■ **PROMPT**
Transcribe every line of the material below without change, apart from dropping the pictures.

■ **DATA BLOCK**

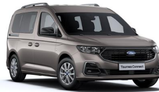
Dusky silver Metalická
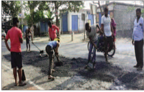
करवा रहा है। मुख्यमंत्री नीतीश वैशाली महोत्सव में शामिल होने आ कुमार एक दशक बाद तीन दिवसीय रहे हैं। जिला मुख्यालय हाजीपुर से

एजेंसी। पटना वैशाली महोत्सव में मुख्यमंत्री नीतीश कुमार के आगमन से पहले वर्षों से जर्जर सड़कों की आनन-फानन में मरम्मत शुरू कर दी गई है। प्रशासन के दबाव में तेजी से काम तो हो रहा है, लेकिन गुणवत्ता को लेकर स्थानीय लोग सवाल उठा रहे हैं। बिहार के मुख्यमंत्री नीतीश कुमार वैशाली महोत्सव के उद्घाटन समारोह में शामिल होने के लिए आज शाम को वैशाली पहुंच रहे हैं। उनके आगमन से पहले जिला प्रशासन बुद्धर पर सड़कों की मरम्मत

■ **TASK SOLUTION**
Dusky silver Metalická
करवा रहा है। मुख्यमंत्री नीतीश वैशाली महोत्सव में शामिल होने आ कुमार एक दशक बाद तीन दिवसीय रहे हैं। जिला मुख्यालय हाजीपुर से

एजेंसी। पटना वैशाली महोत्सव में मुख्यमंत्री नीतीश कुमार के आगमन से पहले वर्षों से जर्जर सड़कों की आनन-फानन में मरम्मत शुरू कर दी गई है। प्रशासन के दबाव में तेजी से काम तो हो रहा है, लेकिन गुणवत्ता को लेकर स्थानीय लोग सवाल उठा रहे हैं। बिहार के मुख्यमंत्री नीतीश कुमार वैशाली महोत्सव के उद्घाटन समारोह में शामिल होने के लिए आज शाम को वैशाली पहुंच रहे हैं। उनके आगमन से पहले जिला प्रशासन बुद्धर पर सड़कों की मरम्मत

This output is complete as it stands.